Singapore Cracks Down on Financial Crime: A Joint Effort by MAS and CAD

Financial crime continues to pose a significant challenge to the global economic landscape, including in the Financial Hub of Singapore. High-profile cases, such as investigations into ties between financiers in Singapore and the troubled Malaysian state fund 1MDB, have made headlines and highlighted the need for stricter measures to combat financial misconduct.

Combating Financial Crime in Singapore

Notable actions taken against offenders include the closure of BSI Bank and the Singapore branch of Falcon Private Bank, resulting in S$30m worth of fines.
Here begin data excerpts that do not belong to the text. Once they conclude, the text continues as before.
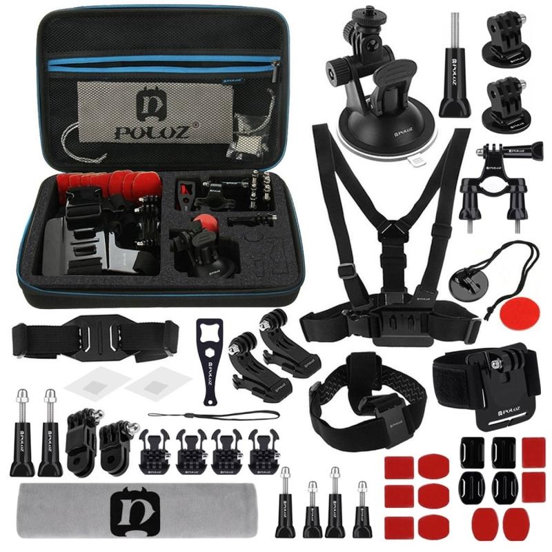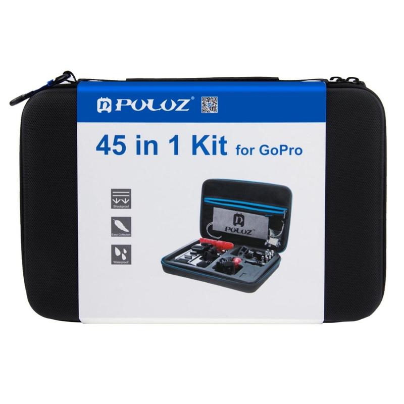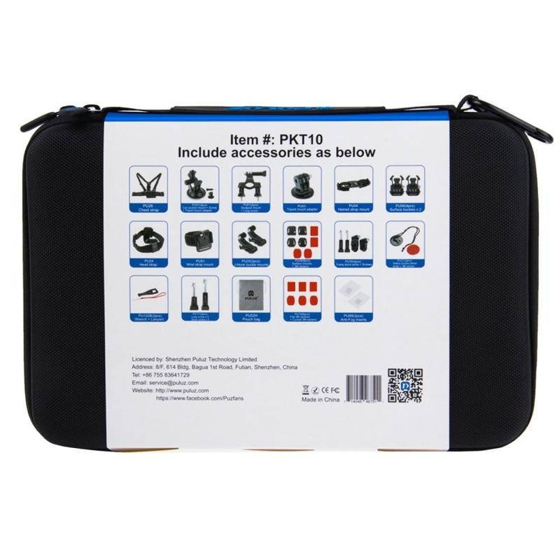 Kit de acessórios para câmara de ação PULUZ PKT10 45 em 1 - Estojo grande, suportes para peito e cabeça, conjunto de alças flutuantes para GoPro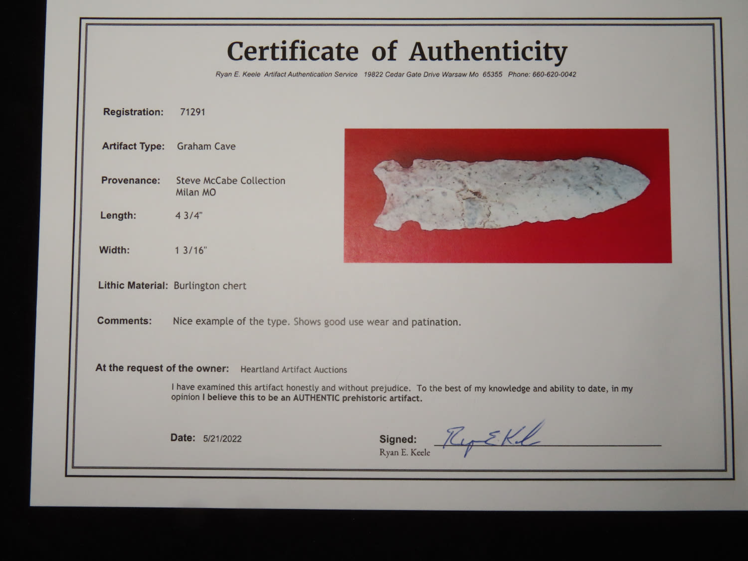 4 3/4″ Graham Cave, Keele COA, Ex Steve McCabe Collection Sullivan Co, Milan, Missouri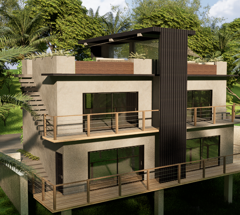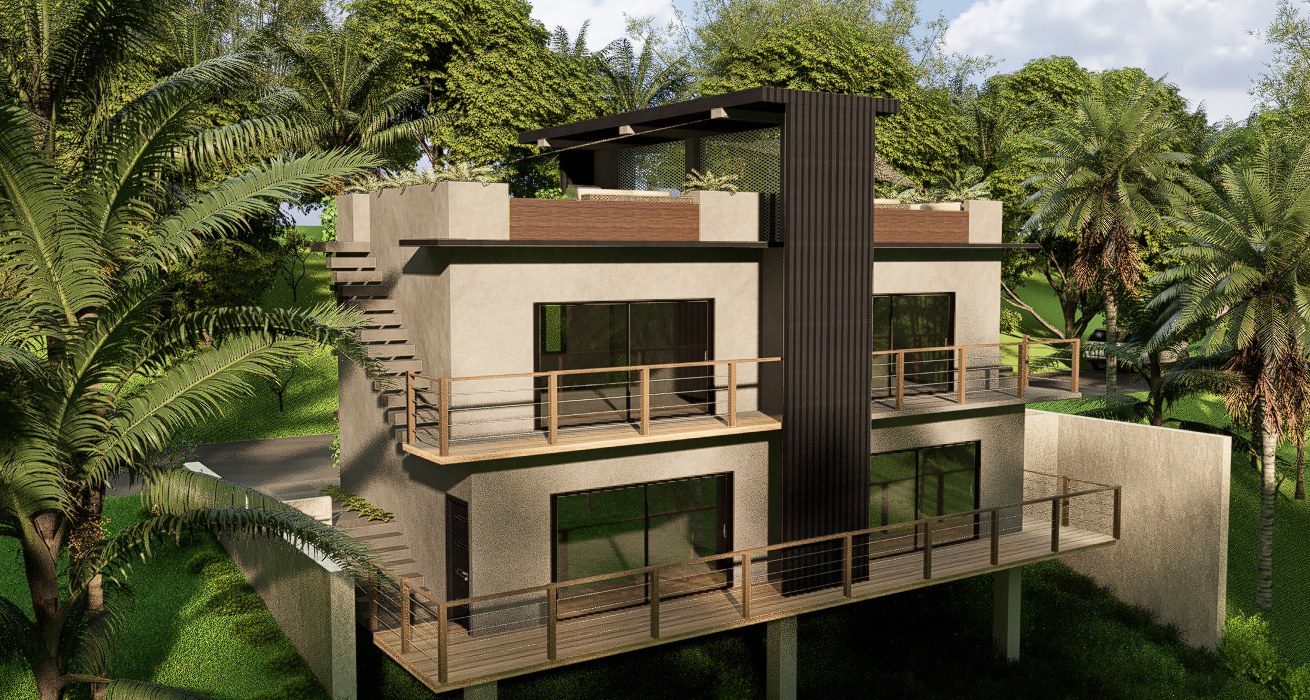 Discover the perfect balance between contemporary design and natural beauty with this two-story modern duplex, surrounded by lush tropical greenery. Each unit offers 1,054.70 sq. ft. of thoughtfully designed living space, featuring open-concept interiors, floor-to-ceiling windows, and seamless indoor-outdoor flow. The highlight of the home is its private rooftop terrace, where you can unwind and enjoy panoramic views of the jungle canopy and evening sunsets.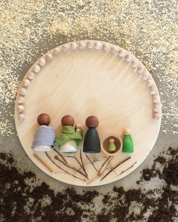 Rond houten bord. Bord om het vrije spel van het kind te stimuleren en af te bakenen.
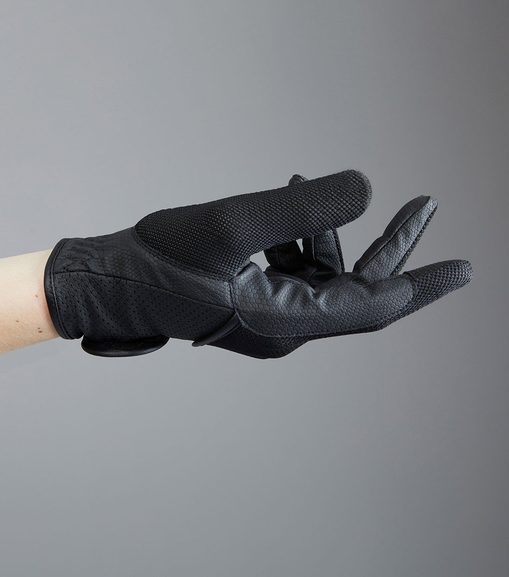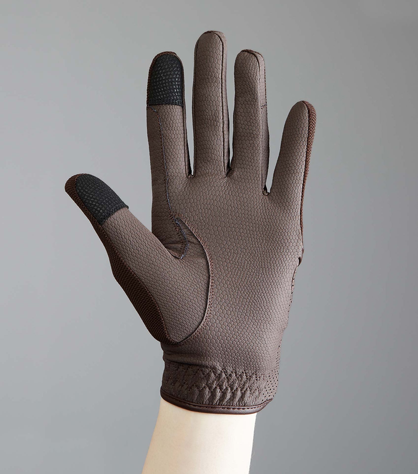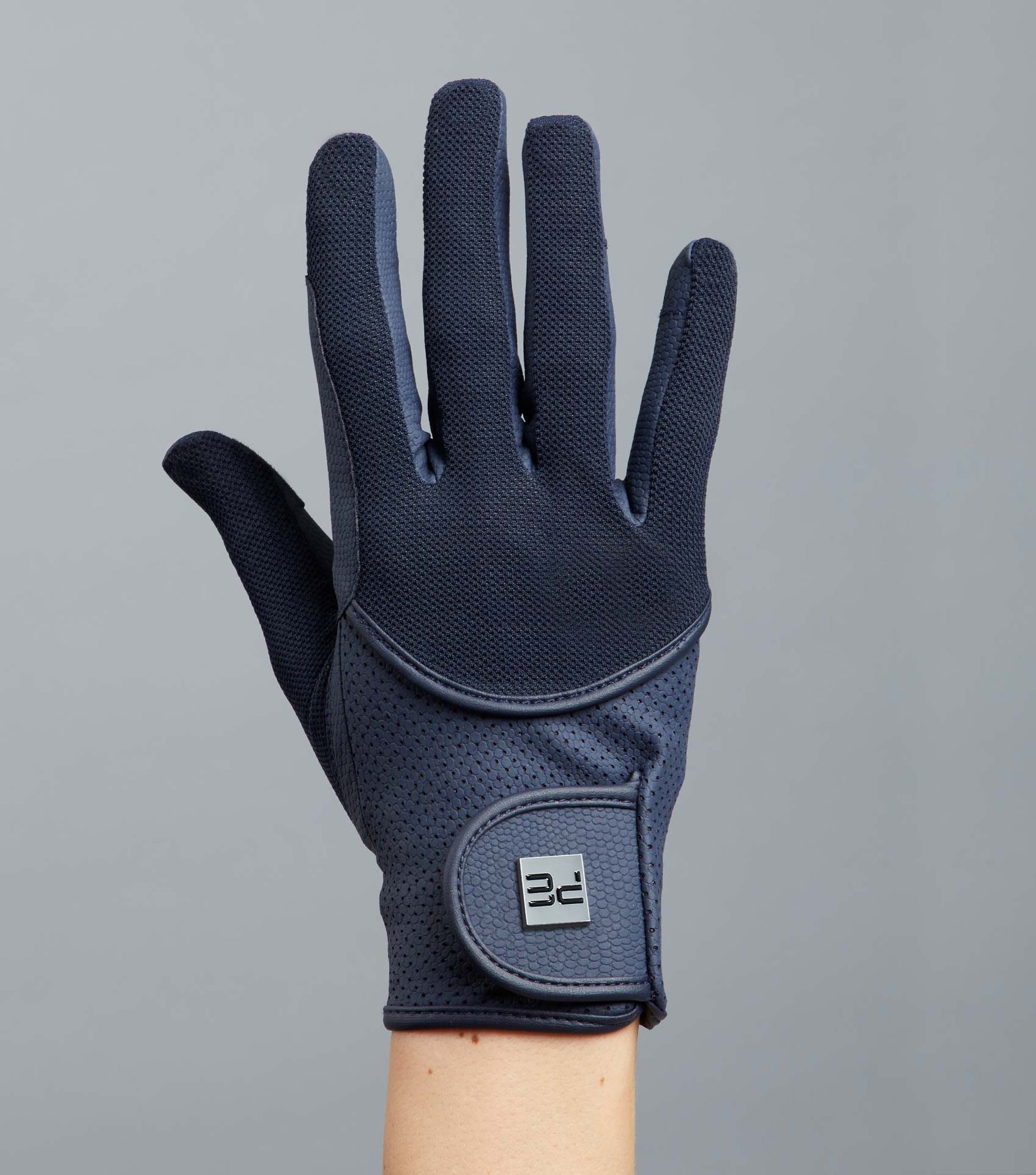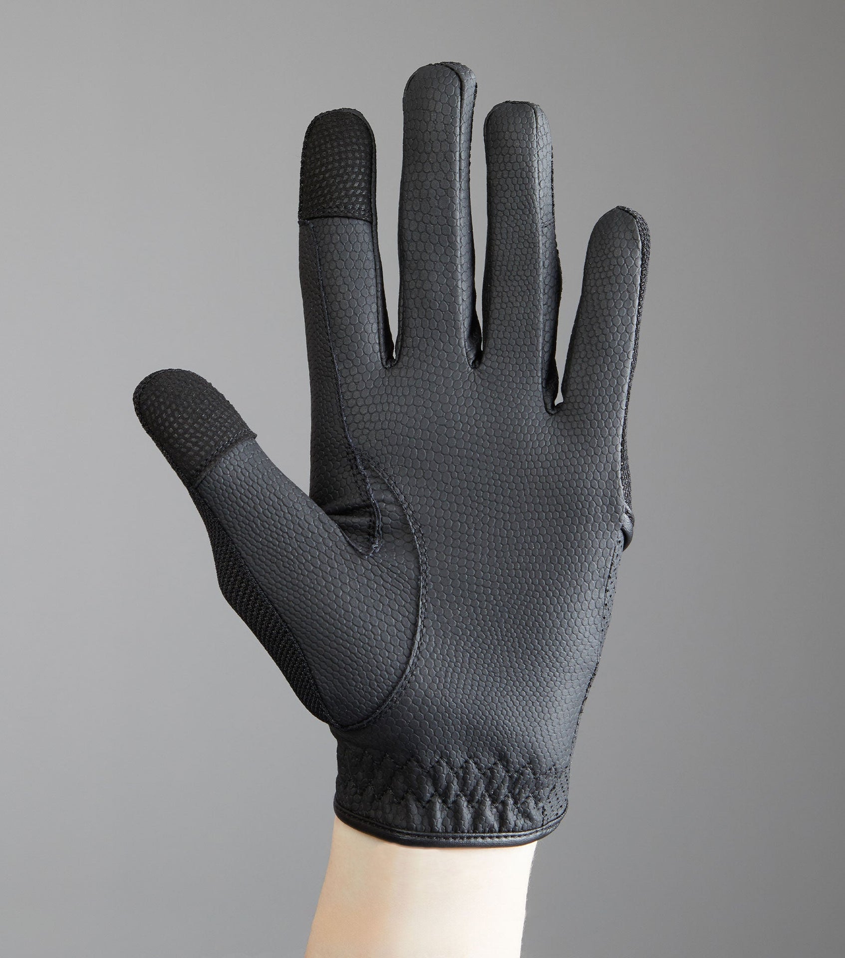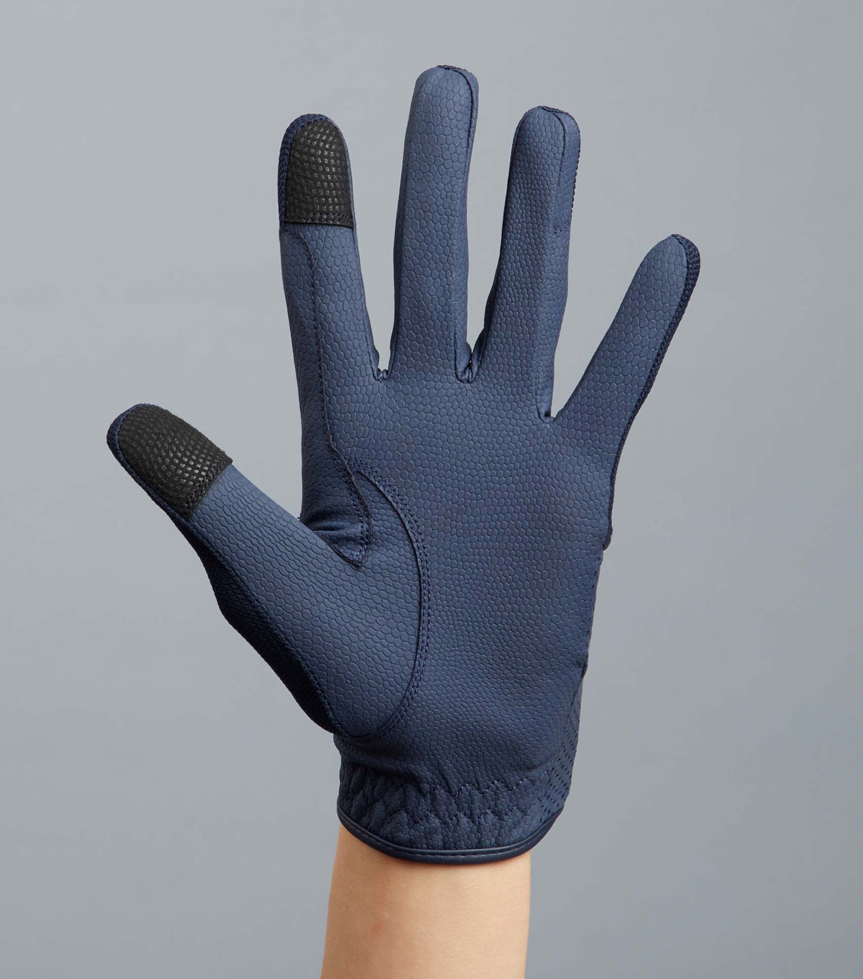 The palm of the glove is made from lightweight synthetic leather, providing optimum grip on the reins. A touch screen panel on the index finger and thumb allows for use of your phone without removing your gloves. Complete with Velcro closure with an elegant PE branded badge, these riding gloves are ideal for your everyday equestrian activities and competition use.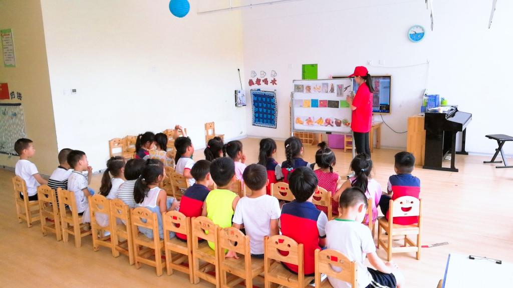 针对中班的小朋友,志愿者们教他们一些关于动物、水果的单词,利用事先准备好的图片,通过丰富有趣的肢体语言和面部表情,志愿者们成功地吸引了小朋友的注意力,一节课的时间孩子们聚精会神,认真跟着志愿者朗读单词,小手跟着比划,教学效果良好。面对年龄稍微大一点的大班同学,志愿者们教他们一些日常的英语短句,通过表演的方式让同学们记住每个句子的用法。
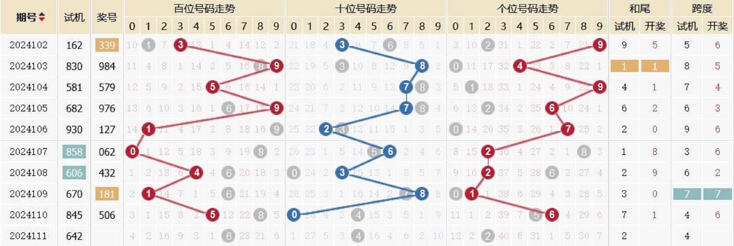 期数 | 试机号 | 关注码 | 金码 | 对应码 | 开奖号 | 出号 |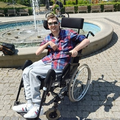 Nazywam się Adrian Sęp. Urodziłem się w 1992 roku. Choruję na Mózgowe Porażenie Dziecięce. Mam niedowład spastyczny 4-kończynowy, porażenie, skrzywienie kręgosłupa piersiowo-lędźwiowego lewostronne (C80/M41).
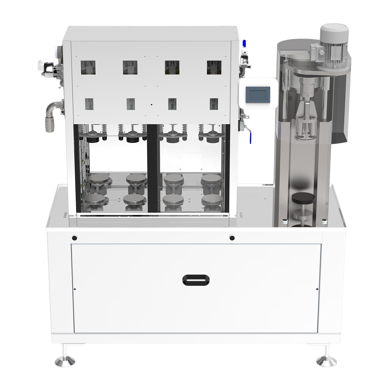 Manual loading and unloading of the bottles with automatic execution of the different processing steps. The monobloc consists of a first turret with 4 filling valves and a single-head turret for the application of screw caps.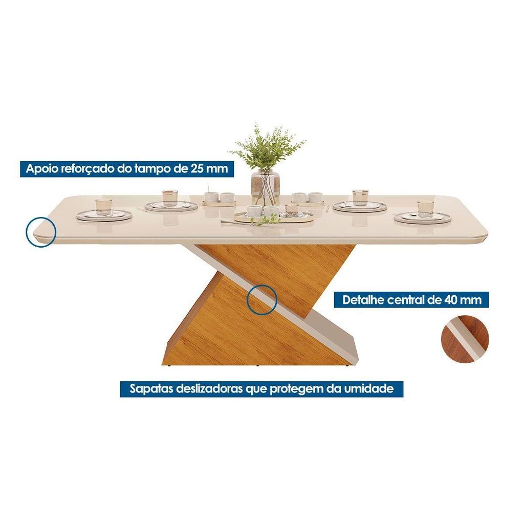 Mesa de Sala Jantar Zafira c/Tampo Madeirado Vidro Curvo 200x100cm Freijó/Off White - DJ Móveis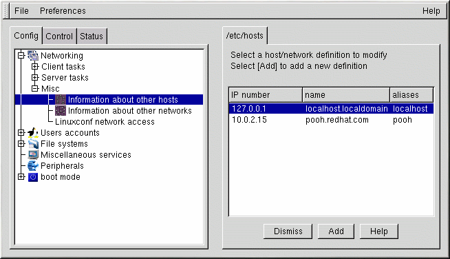 Puede agregar, modificar o eliminar entradas del fichero /etc/hosts con Linuxconf. Abra Config => Networking => Misc => Information about other hosts.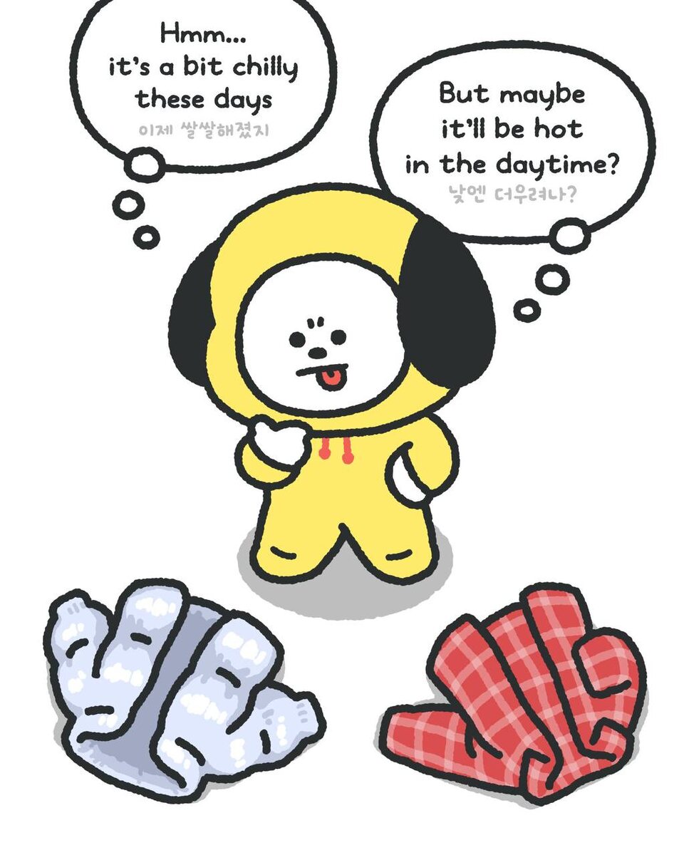 🍊 Обновление X BT21: 💬 Не жарко..? Не холодно..? 💬 Перевод с фото: Чимми: Хм… в последнее время немного прохладно. Но, может быть, днём будет жарко? #BT21 @kumihobts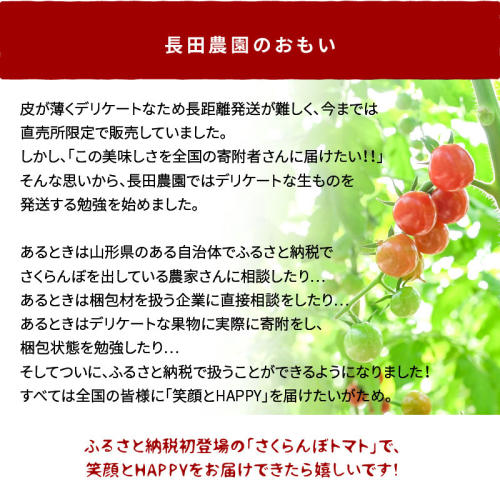 栽培方法が難しく希少なミニトマトです。長田農園初登場のさくらんぼトマトをぜひ!!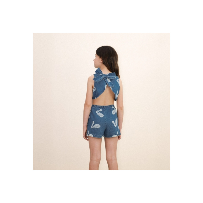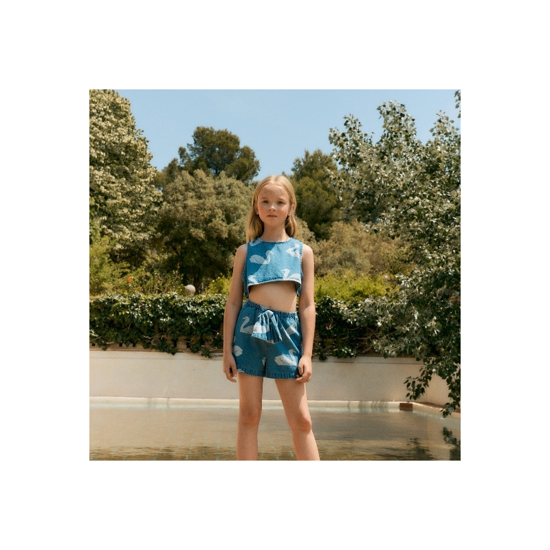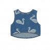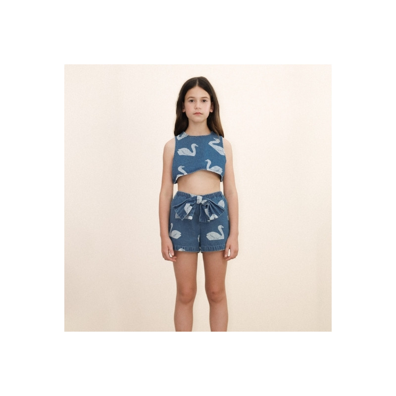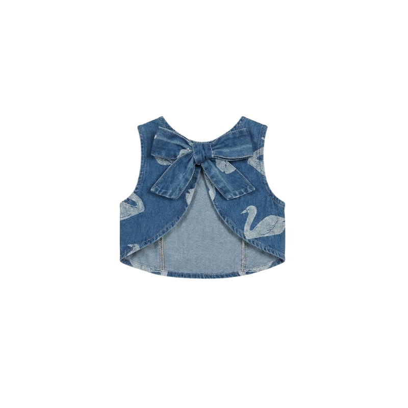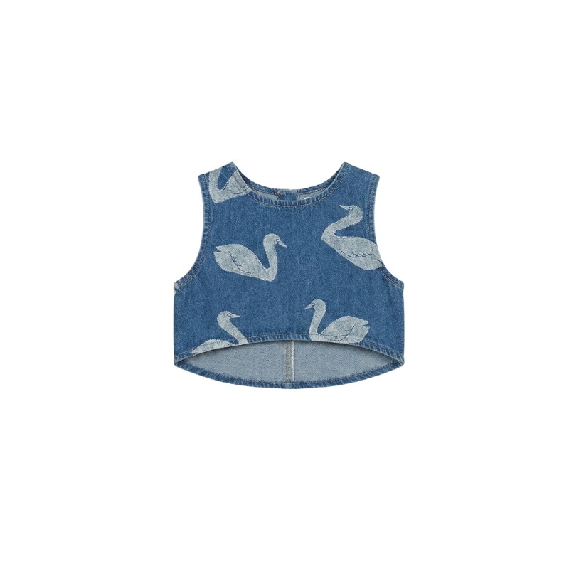Top sans manches Tiny Cottons en denim bleu, orné d’un imprimé cygnes et d’un nœud au dos. Une pièce originale et confortable, idéale pour composer des tenues estivales pleines de charme.

According to the Monetary Authority of Singapore (MAS)’s most recent report, between 1st July 2017 and 31st December 2018:

  • One criminal conviction
  • S$16.8m in financial penalties and compositions
  • S$698,000 in civil penalties
  • 19 prohibition orders
  • 37 reprimands
  • 223 warnings
  • 444 supervisory reminders were issued.

Despite the increase in volume and complexity of financial transactions and the growth in cross-border transactions, the Commercial Affairs Department (CAD) and MAS are taking a joint approach to tackle market misconduct.

Joint Investigations Arrangement

Since March 2015, MAS and CAD have launched a joint investigations arrangement, optimizing the investigation process and ensuring that any market misconduct is quickly detected, investigated, and dealt with efficiently. The agencies pool their investigative resources and expertise, drawing on MAS’s role as a financial regulator and CAD’s financial crime investigation and intelligence gathering capabilities.

Types of Financial Crimes

Insider Dealing and Market Abuse

The Securities and Futures Act (SFA) is Singapore’s principal legislation dealing with insider dealing and market abuse. Offences under the SFA include false trading, market manipulation, making false statements, and insider trading, which can result in fines of up to S$250,000 and imprisonment for a term of up to seven years.

Corporate Fraud

Corporate fraud, including theft, criminal breach of trust, cheating, dishonest disposition of property or payment of debts, and forgery and falsification of accounts, are also common in Singapore. Individuals and companies alike can be held responsible for attempts, abetment, or conspiracy to commit these offences. Specific corporate fraud offences can be found in the Companies Act.

Bribery and Corruption

The Prevention of Corruption Act and the Penal Code contain the primary regulatory provisions in Singapore related to bribery and corruption. The Corrupt Practices Investigation Bureau, an independent agency reporting directly to the prime minister, is responsible for investigating allegations of corruption.

Money Laundering and Terrorist Financing

Singapore remains vigilant against money laundering and terrorist financing as a member of the Financial Action Task Force (FATF). Singapore has implemented strong legal and regulatory frameworks to detect and deter these crimes, with the CDSA and the Organised Crime Act being the main legislations dealing with these offences.

Measures to Address Financial Crimes

Despite these efforts, financial crimes can be challenging to detect and address due to the ease of money transfers across borders. To enhance its measures, MAS has announced its plans to strengthen consumer protection, ensure financial advisers’ business conduct, enforce AML/CFT requirements, and investigate suspected insider trading. Additionally, MAS has adopted advanced technologies under ‘Project Apollo’ to increase the precision of its AML/CFT monitoring and detect market manipulation.

Case Resolution

Cases involving criminal prosecutions take approximately 33 months, followed by 30 months for cases with civil penalties, six months for regulatory actions, and three months for referrals to external agencies. The average time taken across all concluded cases was roughly eight months.

Conclusion

As financial crime continues to evolve, Singapore’s regulatory authorities remain committed to staying one step ahead, adapting their measures to address emerging threats and safeguarding public trust in Singapore’s financial system.